Alan Dershowitz - what an ass.
Marginal Democratic candidates certainly benefit from moving to the left on national security issues, but serious candidates--candidates who want to have any realistic chance of prevailing in the general election--must not allow themselves to be pushed, shoved or even nudged away from a strong commitment to national security.He then goes on to disprove his own point:
...Although I am personally opposed to the use of torture, I have no doubt that any president--indeed any leader of a democratic nation--would in fact authorize some forms of torture against a captured terrorist if he believed that this was the only way of securing information necessary to prevent an imminent mass casualty attack. The only dispute is whether he would do so openly with accountability or secretly with deniability. The former seems more consistent with democratic theory, the latter with typical political hypocrisy.
Recently, Israeli security officials confronted a ticking-bomb situation. Several days before Yom Kippur, they received credible information that a suicide bomber was planning to blow himself up in a crowded synagogue on the holiest day of the Jewish year. After a gun battle in which an Israeli soldier was killed, the commander of the terrorist cell in Nablus was captured. Interrogation led to the location of the suicide bomb in a Tel Aviv apartment. Israel denies that it uses torture and I am aware of no evidence that it did so to extract life-saving information in this case.But what if Alan Dershowitz realised he had just given an actual real counterexample - one where there was a ticking time-bomb and no torture seems to have been used - before going on to posit an entirely unreal "what if"? It's not logic, it's a pavement pizza. Would his brain explode as he realised just what mental farting he was committing to print in the single most well-read forum of the conservative press? This is a man who says he wants a Democrat in the White House and is the self-professed most capable legal mind of our time?
But what if lawful interrogation failed to uncover the whereabouts of the suicide bomber? What other forms of pressure should be employed in this situation?

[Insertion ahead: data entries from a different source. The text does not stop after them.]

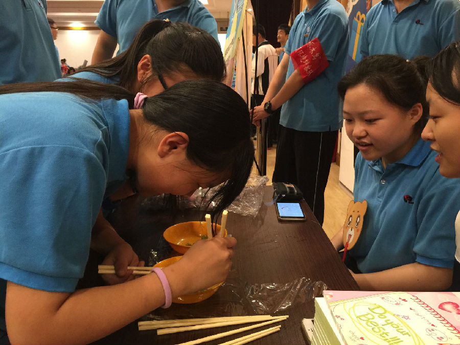 台上激烈平涂的同时,台下也展开了丰富多彩的活动:易班熊拼图,夹弹珠,吹乒乓球等小游戏同学们玩的不亦乐乎。每一个游戏站点都围着一群等待参与的同学们,离场时,几乎每一位同学手上都拿着奖品,满载而归!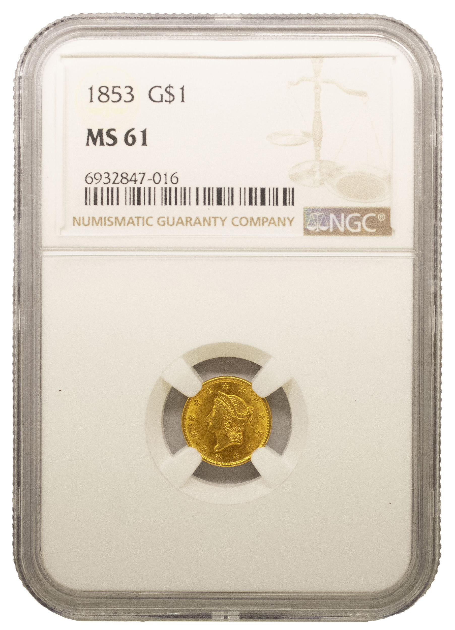 NGC MS-61 1853 Type I Gold $1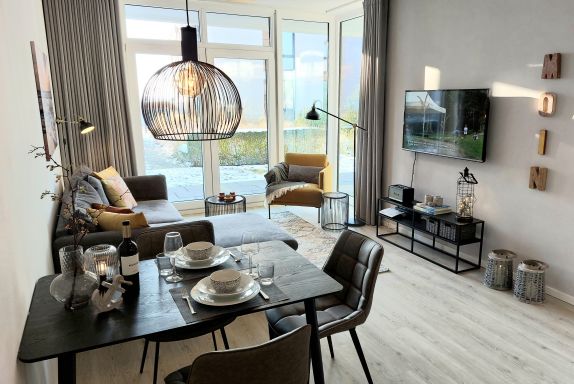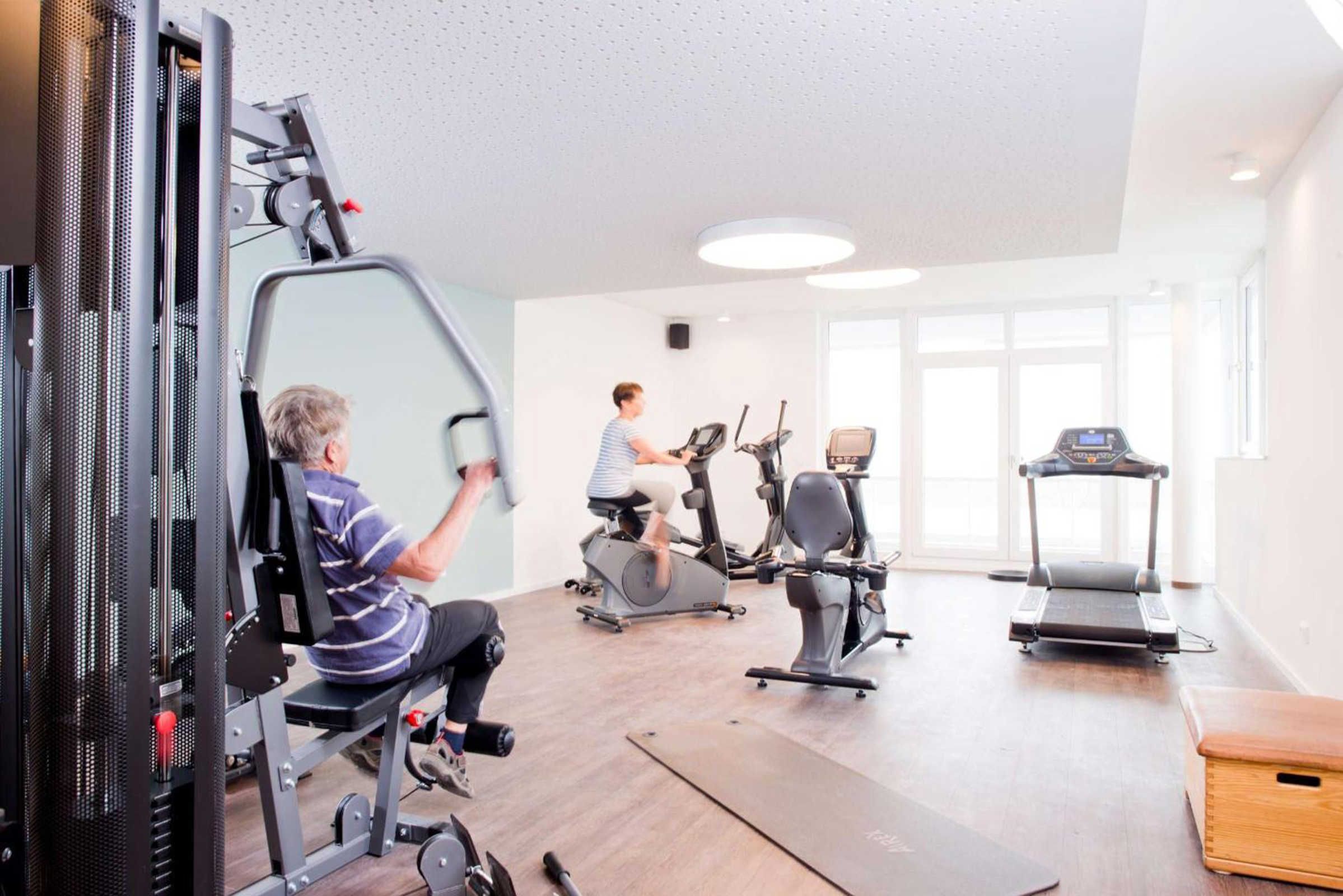 Im 1. Obergeschoß des Hauses H befindet sich auf 250 m² der Sauna- und Fitnessbereich. Zur Saunalandschaft gehören eine finnische Sauna, eine Bio-Licht Sauna und eine Infrarot-Sauna. Ein sehr geschmackvoll gestalteter Ruheraum, mit Ostseeblick, lädt zum Verweilen ein. Im angrenzenden Fitnessbereich finden die Gäste eine ausreichende Geräteauswahl, um auch im Urlaub etwas für Ihren Körper zu tun. Das Spielzimmer für die ganz kleinen Gäste schließt sich direkt dort an, so dass auch bei schlechten Wetter für Abwechslung gesorgt ist. Alle diese Einrichtungen stehen selbstverständlich allen Gästen zur Verfügung.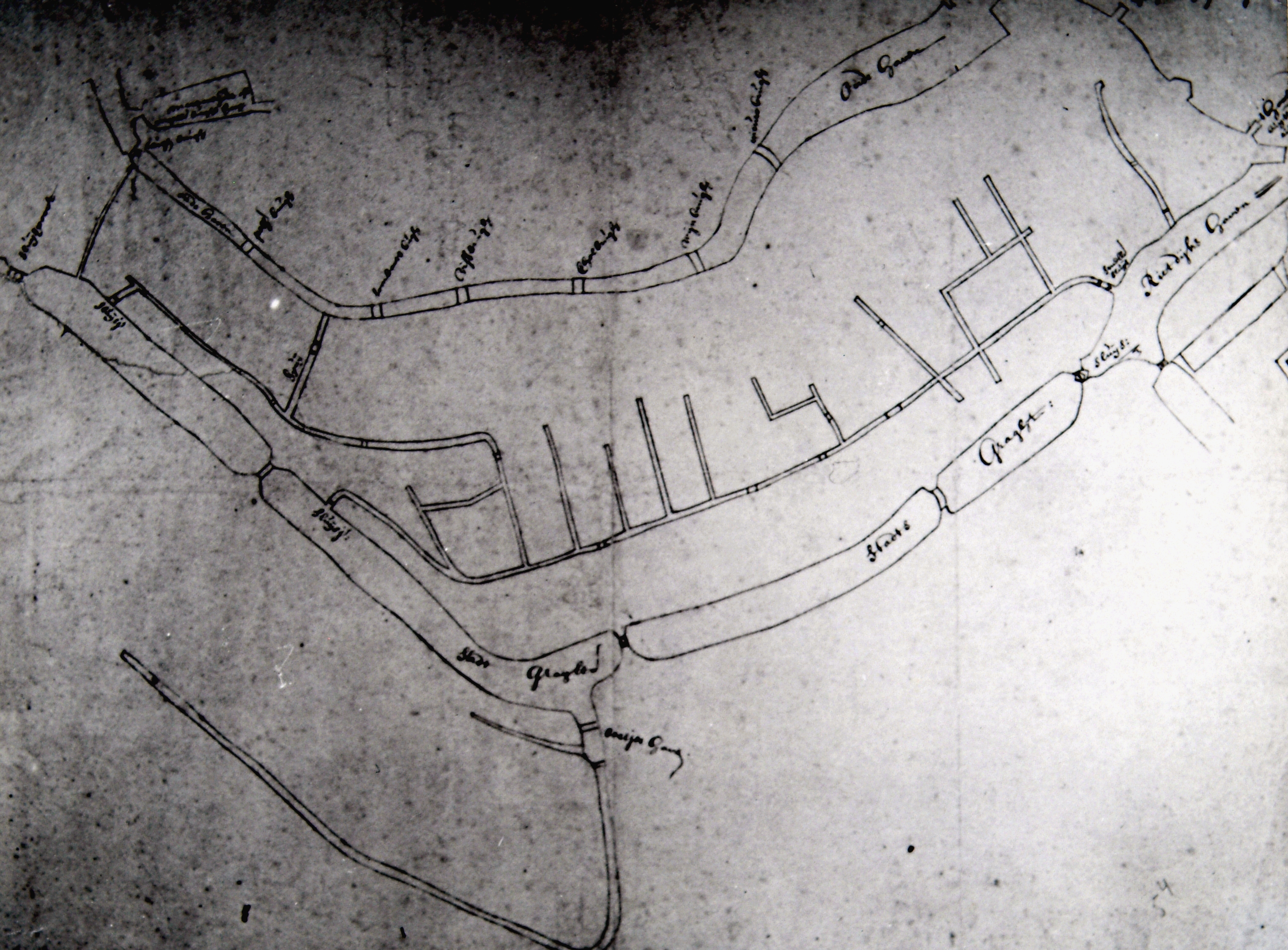 Grondtekening van de wateren door de stad Dordrecht (pentekening zonder datum 42,5x54 cm).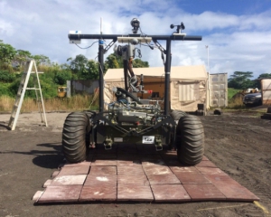У рамках експерименту на Гавайських островах побудували спеціальний майданчик із пилом, що імітує місячну поверхню. Телекерований робот розрівняв майданчик за допомогою відвалу, після чого з базальтових плиток зібрав тверду платформу площею 9,29 кв.метра.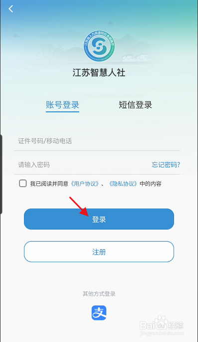 进入江苏智慧人社APP,选择相应的登录方式进行账号的登录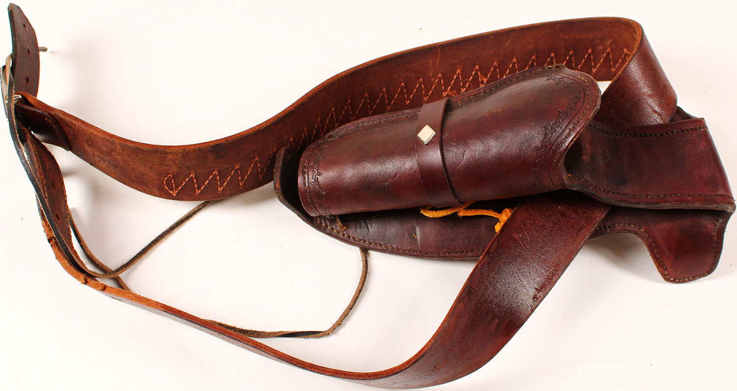 Leather Hunter belt and revolver holster, has age soiling. Grade: Very good ++ - Value: 10 to 60

(Oh - and a quick note for Alan and every conservative who ever breathed - just because Bill Clinton says something stupid, that's no reason for Democrats to roll over and agree with him. Marching in submissive lockstep with the Decider is a Republican trait.)
Meanwhile, ABC has a report on very real, very not ticking time-bomb torture, contracted out to foreign governments by the CIA at the behest of the Bush administration. Cables from CIA personnel to Washington, recently declassified, show clearly that false confessions were wrung by Egyptian interrogators from a known Al Qaeda member by beatings and by effectively burying him alive for 17 hours. The cables were sent a year before the Bush administration began telling the world "torture is never acceptable, nor do we hand over people to countries that do torture."

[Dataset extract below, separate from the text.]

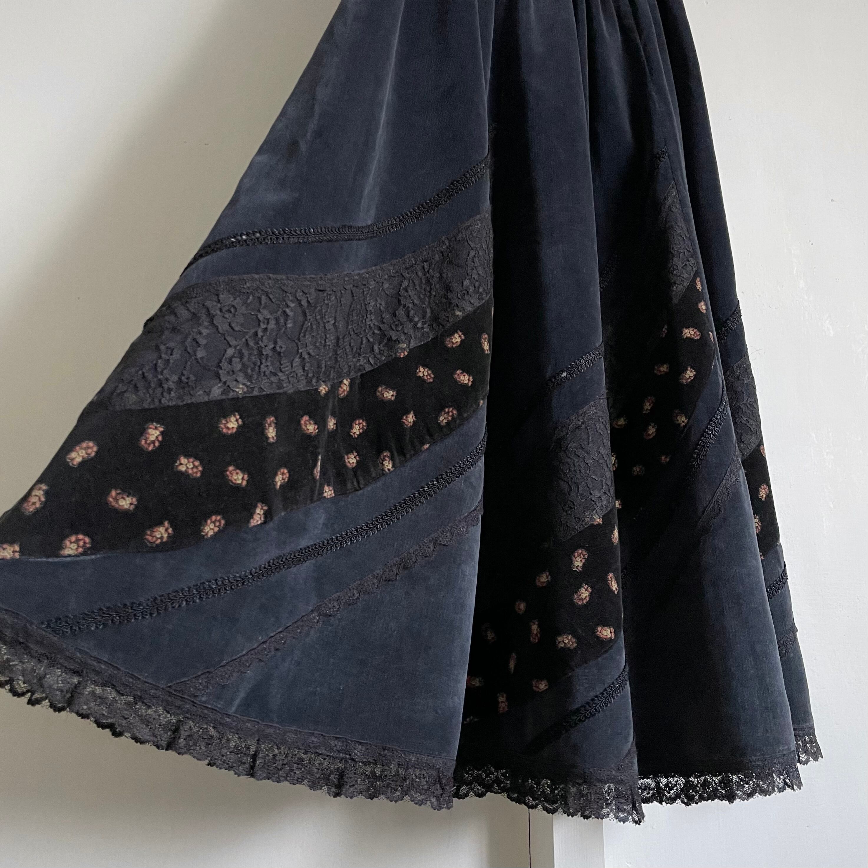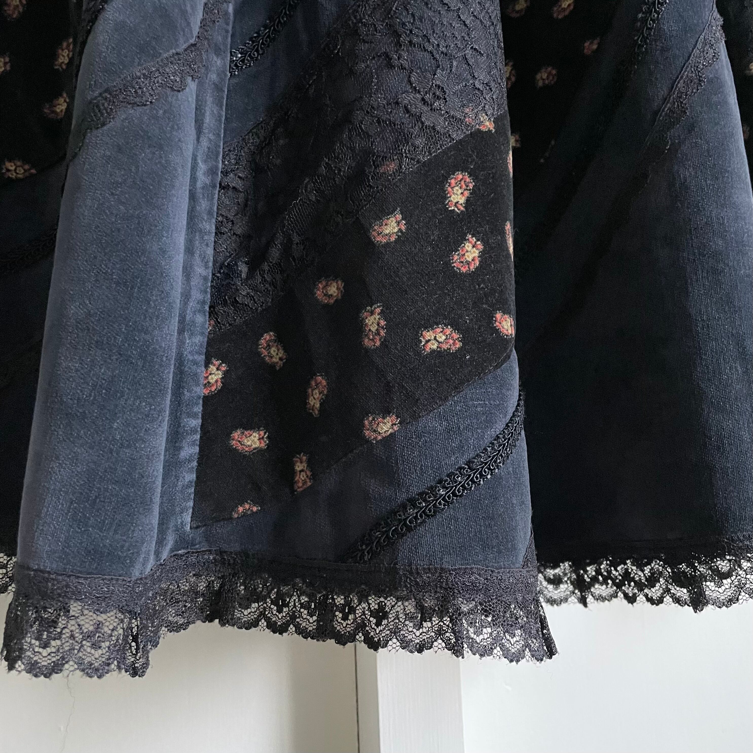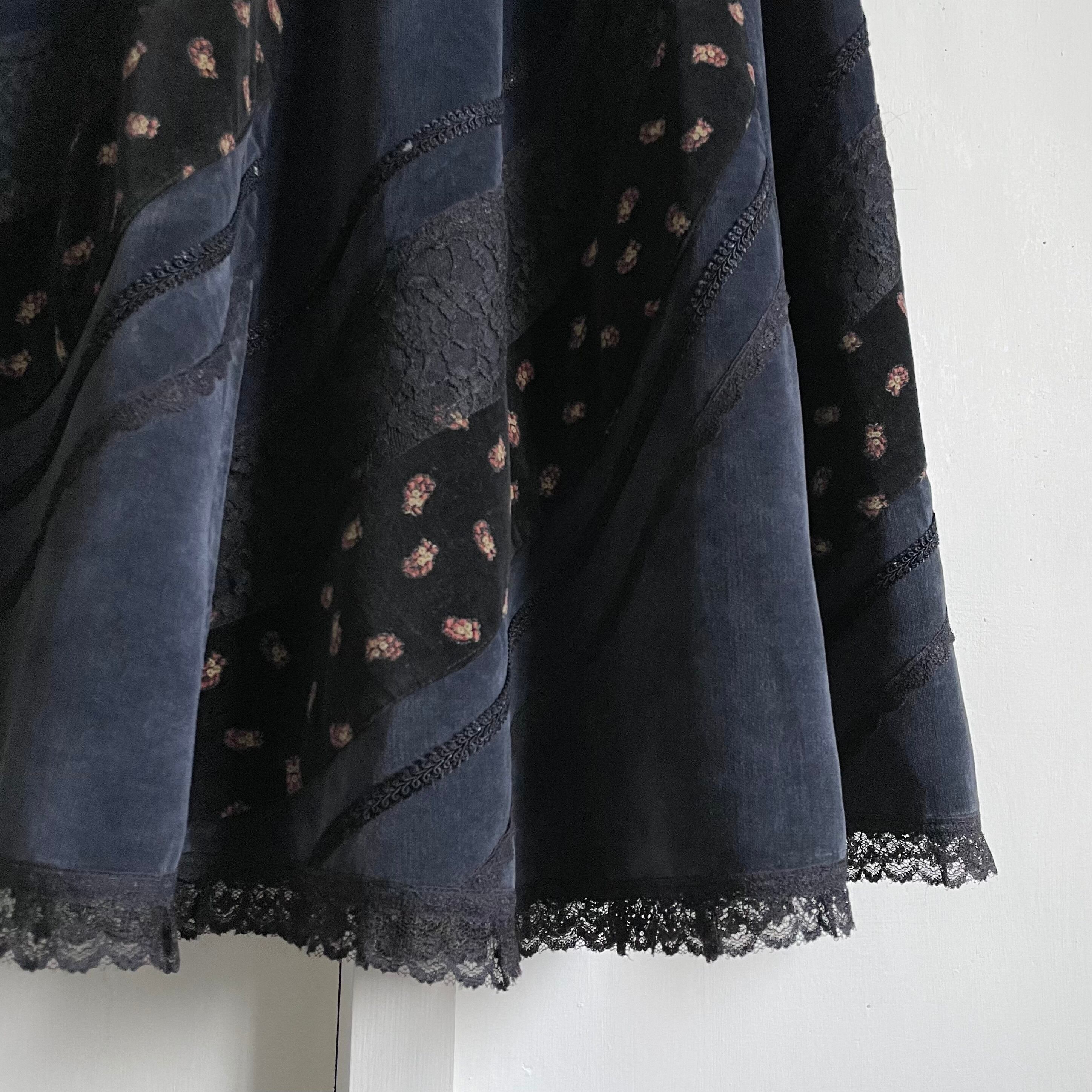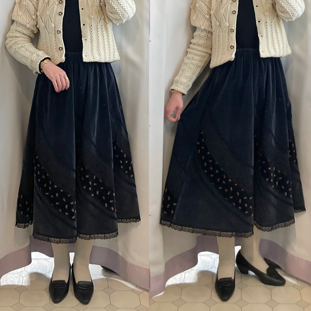 lace design velvet gathered skirt 〈レトロ古着 レースデザイン ベルベット ギャザースカート ジャパンヴィンテージ〉

Knowingly sending someone - even a criminal, even a terrorist - to be tortured is a crime under international and U.S. federal law. That should be the starting point for any debate, not hypothetical time-bombs. Does the U.S. wish to withdraw from those treaties - e.g. the Geneva Conventions, the Convention Against Torture and Other Cruel, Inhuman or Degrading Treatment or Punishment (the Torture Convention), and the International Covenant on Civil and Political Rights - and thus throw out the rule of law in favor of rogue statehood, or doesn't it?
Let's have that debate - and make sure that the nation knows which side of the line the Republicans have chosen to come down on.